By my late 20s I was working in Alice Brown’s yarn store (Macra-Weave Plus which was located in Windsor Heights on University Avenue and 73rd Street). Alice helped me to refine my knitting skills and I became obsessed with knitting, and started making sweaters. Yarn had become really exciting with lots of textures and brilliant colors. It was the early to mid 1980s and knitting had become popular again. Besides knitting, Alice also taught me how to treat customers with kindness and friendship. Every day we had a group of women come into the shop to sit, knit, and talk -- it was the beginning of what everyone calls a knit-along! I’ve been blessed by a few of the customers from Alice’s shop wandering into Knitted Together, and I’ve really enjoyed catching up!

About a year after Alice retired and closed her shop I turned my knitting interests into a job at Meredith Corporation (Better Home and Gardens). Eventually I got to do a knitting magazine called Knit It! and a crochet magazine called Simply Creative Crochet. I think doing those magazines may possibly be the best thing I could have done in my journey to becoming a shop owner. My knitting friendships with lots of incredible designers, my knitting skills and pattern editing, all have helped me to become a better knitting shop owner.

I can’t wait to tell you what I’m knitting these days. I’m planning to keep you posted weekly on my current favorites in patterns, books, tools and yarns. I’m also going to give you a weekly recipe that we like at our house plus lots more.

I hope you enjoy our first recipe. It’s one that we eat frequently for lunch and is pretty healthy.

Tim’s Chicken and Veggie Salad

Ingredients

      • One grilled chicken breast (we actually slice one breast into thin halves … they cook more even and quicker … then use one half per salad … you may want the whole breast)
      • Dice veggies to the size of your liking (medium size works best … remember this isn’t a lettuce salad).
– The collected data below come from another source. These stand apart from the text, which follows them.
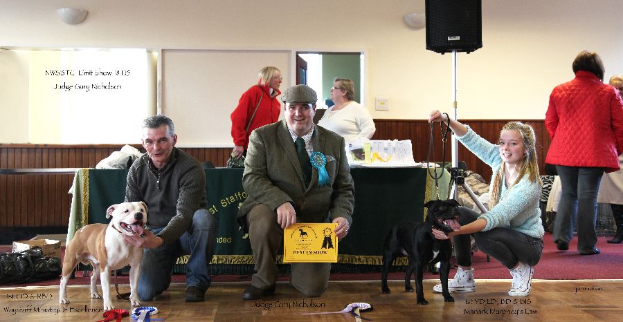1. Mr P T & Mrs E A Stanway CRASHKON PUSSYCAT DOLL Black/brindlebitch I fell in love with an expression to die for, she is the shortest Stafford I have ever had the pleasure of going over, lovely head, good front, tightest of feet, well ribbed, extra short coupled, ok backend, nice and fit for age too. Stood like the professional she is. Moved and handled very well.
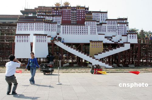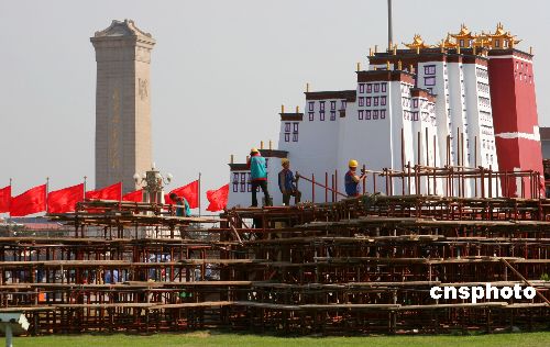 9月12日,北京天安门广场的第二座节日花坛——“布达拉宫”景观初步建成。天安门广场下一步还将搭建“三峡大坝”、“青藏铁路”、“吉祥福娃一路欢歌迎奥运”、中心主题花坛“万众一心”等大型花坛,供市民观赏。 中新社发 吴芒子 摄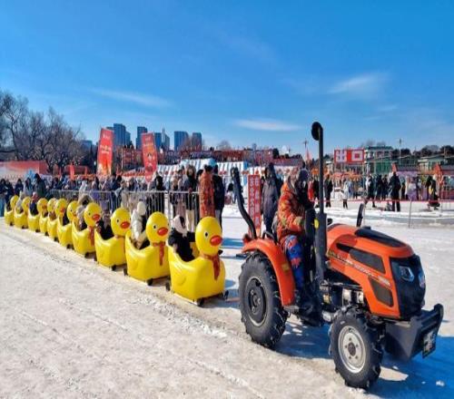 2026年2月1日,遼寧沈陽,新年春節將至,北陵冰雪大世界設置了冰滑梯、自行車樂園、網紅鐵牛拖拉機等遊樂項目,吸引不少遊客前來體驗遊玩。視覺中國 圖

The following list is what we use:
        • Red peppers
        • Yellow peppers
        • Celery
        • Cucumber
        • Sweet red onion
        • Tomatoe chunks or cherry tomatoe halves
        • Avocado
      • Green olives and Kalamata olives
      • Cheese: (we use) Gorganzola crumbles, (you may like) feta crumbles, blue cheese crumbles, etc.
      • Brasswell’s Creamy Vidalia Onion dressing

We put the ingredients into a bowl that the salad would be served in as we cut and mix everything … then add the dressing and toss it together.